As mentioned above, we repeat the first two steps for all $J-1$ parties and all possible seat differences $i-\tilde i$ . Therefore, we have $(J-1)\times (2n+1)$ possible solutions. In the third step, we select the relevant solution, $\textit{votes}_{i,\tilde i,j,-j}^*$ , which satisfies the following conditions:

$$ \begin{align*} F_{i,\tilde i,j,-j}&= R_{i,\tilde i,j,-j, - \tilde j}, \\ -\tilde j&=-j \text{, and }\\ (i-1) &=\text{floor} \left(\frac{\textit{votes}_{i,\tilde i,j,-j} \times n}{\sum_{-\tilde j}\textit{votes}_{-\tilde j}+\textit{votes}_{i,\tilde i,j,-j}}\right). \end{align*} $$

In the fourth step, we define the party margin as the difference between the actual votes and the necessary votes selected in the third step:

$$ \begin{align*} \textit{party margin}_{i,j}=\textit{votes}_{i,j}-\textit{votes}_{i,\tilde i,j,-j}^*. \end{align*} $$

In our example with three seats and 45, 35, and 20 votes for the parties $P_1$ , $P_2$ , and $P_3$ , the Hare–Niemeyer quota is $33.33$ . The party $P_1$ has a ratio of 1.35, the party $P_2$ of 1.05, and the party $P_3$ of 0.6. Thus, the parties $P_1$ and $P_2$ receive one seat each in the first round of the seat allocation and the remaining seat is distributed to party $P_3$ in the second round based on its largest remainder. Let us demonstrate our procedure to find the party margin for the second seat ( $i=2$ ) of party $P_2$ . In the first step, we calculate the necessary number of votes such that party $P_2$ gets one seat ( $i-1$ ) in the first round, the comparison party, $P_1$ or $P_3$ , gets zero or one seat(s) ( $\tilde i-1,$ where $1 \leq \tilde i \leq 3-2+1$ ) in the first round, and party $P_2$ and the comparison party have the same remainder. For example, for the comparison party $P_3$ and $\tilde i=1$ , the solution is 62.5. If party $P_2$ had 62.5 votes, the new Hare–Niemeyer quota would be 42.5, and the ratios of the three parties would be 1.06, 1.47, and 0.47. In the second step, we determine that one seat would remain to be allocated in the second round of the seat distribution and that the remainder of the relevant comparison party $P_3$ would rank first. In the third step, we select 62.5 as the relevant solution because the number of seats to be distributed in the second round and the rank of comparison party $P_3$ are both equal to one. Finally, we calculate the party margin for the second seat of $P_2$ as $35-62.5=-27.5$ .

2.2 Candidate Margin

We now construct the candidate margin that measures how far an individual candidate is from reaching the same position as another copartisan candidate. This variable is only relevant for open-list PR systems. We extend the setting and introduce candidates $C_h$ of party $P_j$ . They are indexed by $h \in \mathcal {H} \equiv \{1,\dots ,n_j\}$ where $n_j$ is the number of candidates in party $P_j$ . Similarly, all other candidates of party $P_j$ are indexed by $-h \in \mathcal {H} \backslash \{h\}$ .

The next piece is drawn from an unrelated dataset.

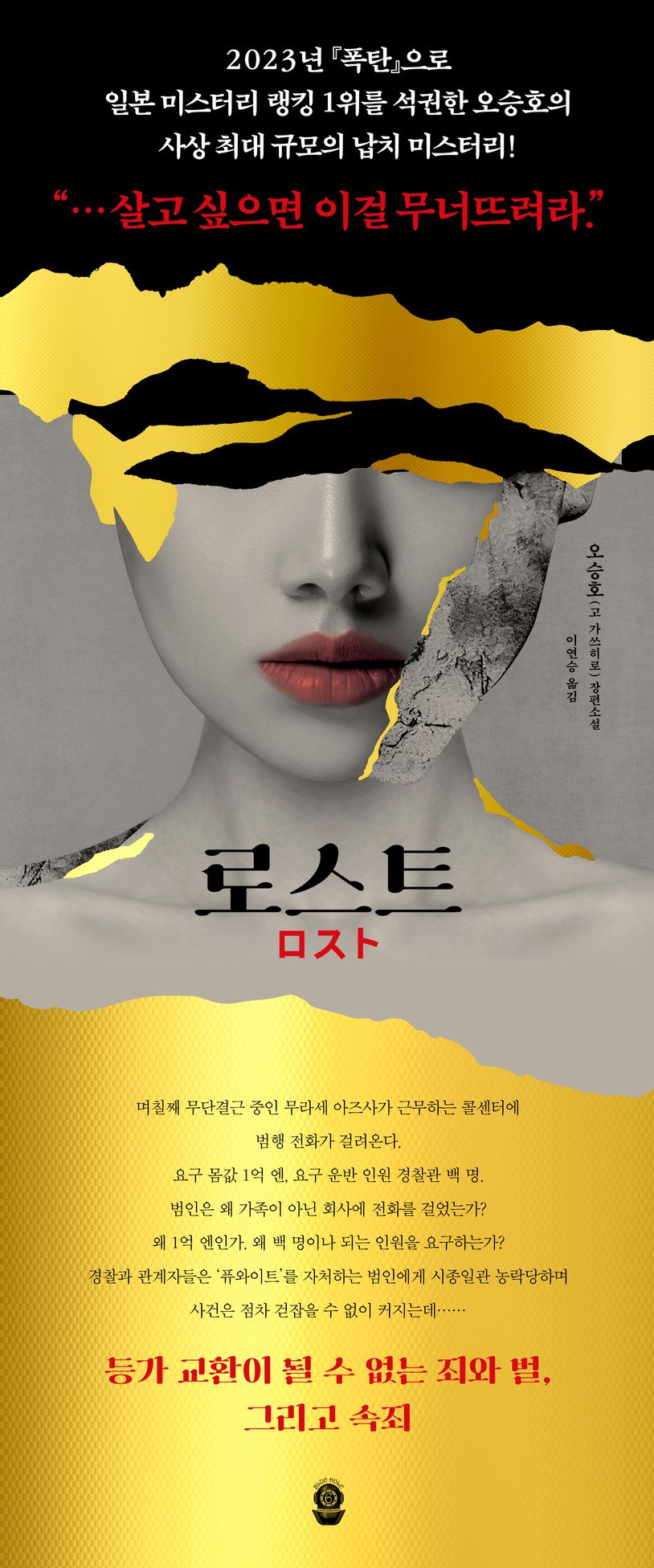 『로스트』는2015년『도덕의시간』으로재일동포출신작가최초로제61회에도가와란포상을수상하며화려하게데뷔한오승호작가가데뷔작출간후넉달만에선보인두번째장편미스터리다.이렇게단기간에신인작가의두번째작품이출간된것은매우이례적인일이다.게다가압도적인볼륨의장편납치미스터리라는점에서『로스트』는젊은작가의패기와작가를향한출판사의믿음,그리고도전정신을고스란히증명한작품이라고할수있습니다.또한여러가지매력적인요소들이작품곳곳에심어있다.대표적으로사건의배경이‘콜센터’라는점,범인이‘몸값1억엔,운반책으로경찰1백명’을요구한다는전대미문의설정,다양하고개성넘치는등장인물의사연등이그러하다.

The vote change required to be on par with the ith highest copartisan candidate, that is, the one with the order statistic $(n_j-i+1)$ , is simply the difference between the two candidates’ number of votes. The candidate margin for candidate h in party j to position i is definedFootnote 6 :

$$ \begin{align*} \textit{candidate margin}_{h,i,j} = \begin{cases} \textit{votes}_{h,j}-\left( \textit{votes}_{-h,j}\right)_{(n_j-i+1),} & \text{if } i<n_j, \\ \textit{votes}_{h,j,} & \, \text{if } i=n_j. \end{cases} \end{align*} $$

We continue our example and calculate the candidate margin for candidate $C_2$ of party $P_2$ . We assume the following individual vote distribution: 22 votes for $C_{1}$ , 8 votes for $C_{2}$ , and 5 votes for $C_{3}$ . Candidate $C_2$ needs 14 votes to be on par with the highest-ranked copartisan candidate, she can lose three votes to be on par with the second-ranked candidate among all other copartisans, and she can lose all her eight votes and still be the lowest-ranked candidate. The candidate margin for candidate $C_2$ of party $P_2$ is $-14$ for $i=1$ , $3$ for $i=2$ , and $8$ for $i=3$ .

2.3 Aggregation

In the final step, we aggregate the party and candidate margin to our overall measure of closeness, that is, the vote margin. For each candidate $C_{h}$ there are n possibilities such that her election outcome is decided by a coin flip: The party gains one seat and candidate $C_{h}$ is on par with the best-ranked copartisan candidate, the party receives two seats and $C_{h}$ is on par with the second-best-ranked copartisan candidate, and so on. A final possibility is that $C_{h}$ is the lowest-ranked candidate and the party is at the margin of winning n seats.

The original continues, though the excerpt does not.